Besides performance improvement, we now also allow interrupting COPY statements in the shell. You can interrupt long running COPY statements without crashing the shell.

We will continue to improve our data ingestion to make it more efficient and robust as we’re moving to the new storage design in the coming releases. Please stay tuned!

New Cypher Features

Undirected Relationships in Queries

Kuzu now supports undirected relationships in Cypher queries. An undirected relationship is the union of both in-coming and out-going relationships. This feature is mostly useful in the following two cases.

Case 1: Relationship is undirected by nature Relationships between nodes in Kuzu are currently directed (though we are internally debating to add a native undirected relationship type). A relationship file must contain FROM and TO columns each of which refers to a primary key column of a node table. However, sometimes the nature of the relationships are undirected, e.g., an isFriendOf relationships in a social network.

Currently, you have two options: (1) you can either store each friendship twice, e.g., Alice isFriendOf Bob and Bob isFriendOf Alice. This is a bad choice because internally Kuzu will index each edge twice (in the forward and backward) edges, so this one fact ends up getting stored 4 times. Or (2) you can store it once, say Alice isFriendOf Bob.

The advantage of option (1) was that in Kuzu v 0.0.3, if you want to find all friends of Alice, you could simply ask this query:

MATCH (a:Person)-[:isFriendOf]->(b:Person)
WHERE a.name = 'Alice' RETURN b;

Instead, if you chose option (2), you would have to ask two queries, one to MATCH (a:Person)-[:isFriendOf]->(b:Person) and the other to MATCH (a:Person)<-[:isFriendOf]-(b:Person), and UNION them, which gets messy if you want to do more with those neighbors (e.g., find their neighbors etc.).

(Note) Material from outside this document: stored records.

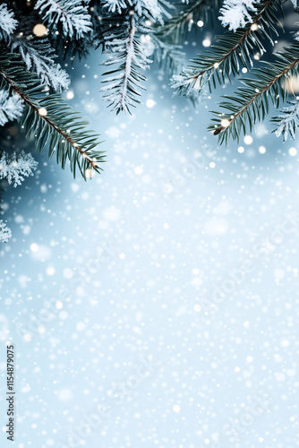 festive winter holidays background featuring lush pine branches and delicate snowflakes. Perfect for seasonal card designs, holiday greetings, flyer poster web banner design media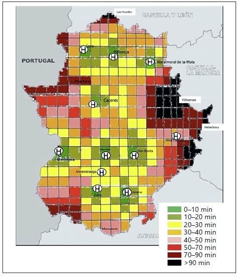 The average transport times of the EMS in Extremadura are also within the optimum range of less than 90 min [7, 11, 14], except in the north of the province of Cáceres (Las Hurdes region) and in most eastern (Villuercas) regions of the health area of Cáceres (Fig. 4). In those regions, transport times are longer than in other areas in the north of the province of Cáceres (e.g., Navalmoral de la Mata, Plasencia, and Coria), probably because their distances to the reference hospital are larger and they have no freeway.
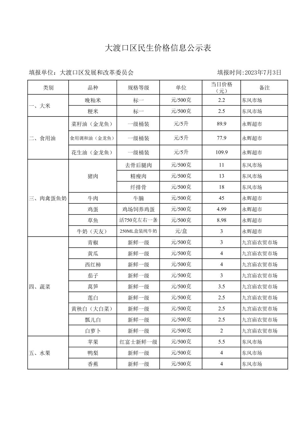 大渡口区民生价格信息公示表 2023-7-3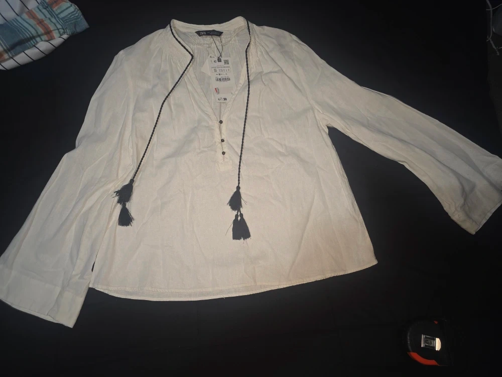 This is a Zara white blouse with linen material. It features tassel details and is a size small. It's in great condition and ready for a new wardrobe! Please check the pictures and my another list thank you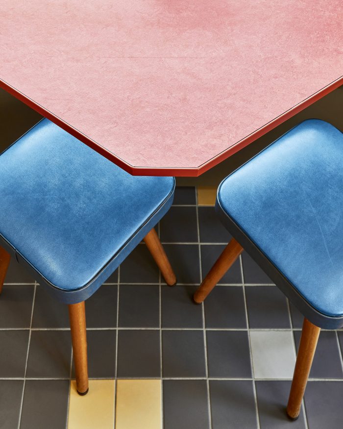 They have a classic connotation defined by the modern Modijefsky touch, with vertically striped glass insertion in bronze powder coated steel frames. These are detailed by forty-five degrees corners and triangular shapes that break the rhythm of the vertical lines. They create a game of transparencies and opacities which impacts the spaces without disrupting the fluidity in between them. Last but not least, a subtle but strong graphic layer sits on top of this entire scenery, bringing a fresh and funny touch to the table. Fine illustrations of a hairy chubby guy and parts of his body, lay around the space, stealing a laugh at a first glance. Funny details, phrases, Iberic menu items and small descriptions, bring you to the world of ‘cervecerías’, and give the guests all the instruments to be teleported to the other side of Europe.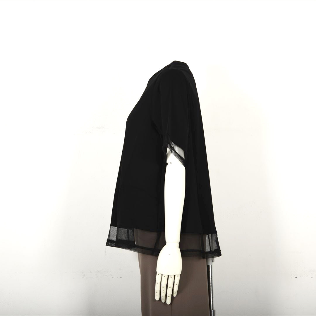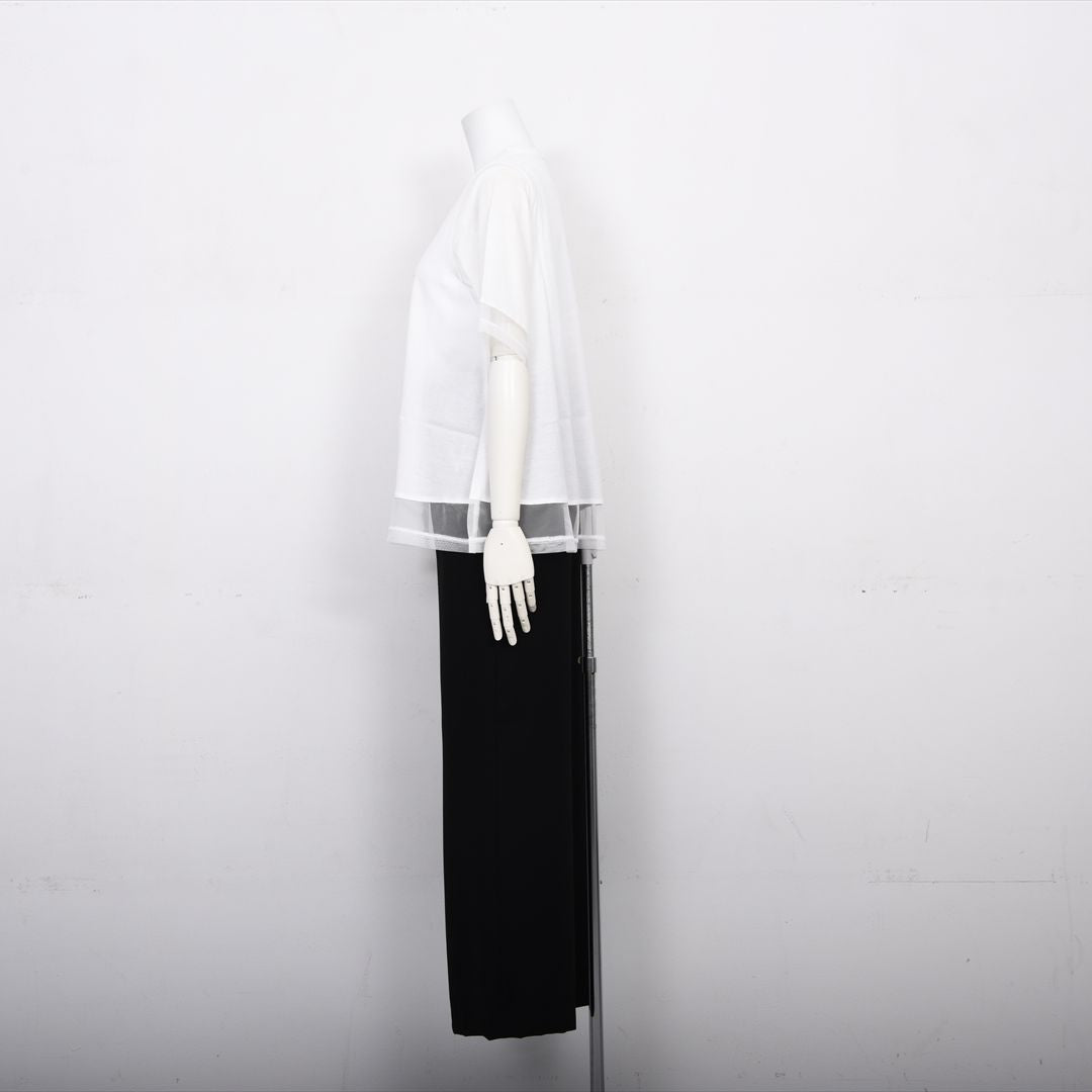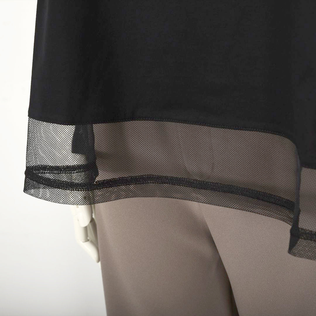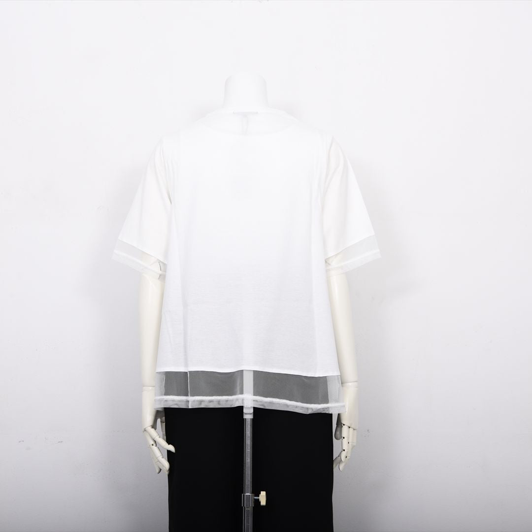袖口と裾をチュールで切り替えて涼やかな雰囲気に。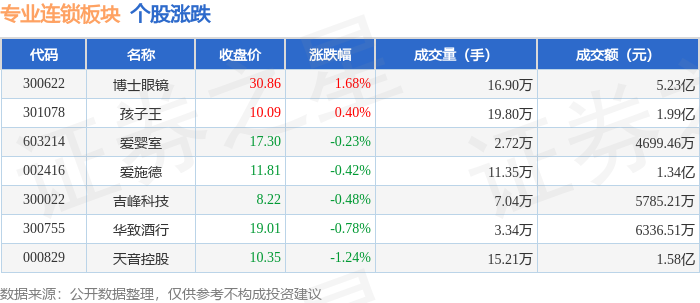 从资金流向上来看,当日专业连锁板块主力资金净流出4073.71万元,游资资金净流出1387.15万元,散户资金净流入5460.86万元。专业连锁板块个股资金流向见下表:

With undirected edge support, you can now choose option (2) and find Alice’s friends with:

MATCH (a:Person)-[:isFriendOf]-(b:Person)
WHERE a.name = 'Alice'
RETURN b;

So if you do not specify a direction in your relationships, Kuzu will automatically query both the forward and backward relationships for you.

Note from Kuzu developers: As noted above, we are debating a native undirected relationship type. That seems to solve the problem of, in which fake direction should an undirected relationship be saved at? Should be a Alice-[isFriendOf]->Bob or vice versa. Happy to hear your thoughts on this.

Case 2: Relationship direction is not of interest Although relationship is stored in a directed way, its direction may not be of interest in the query. The following query tries to find all comments that have interacted with comment Kuzu. These comments could be either replying to or replied by Kuzu. The query can be asked naturally in an undirected way.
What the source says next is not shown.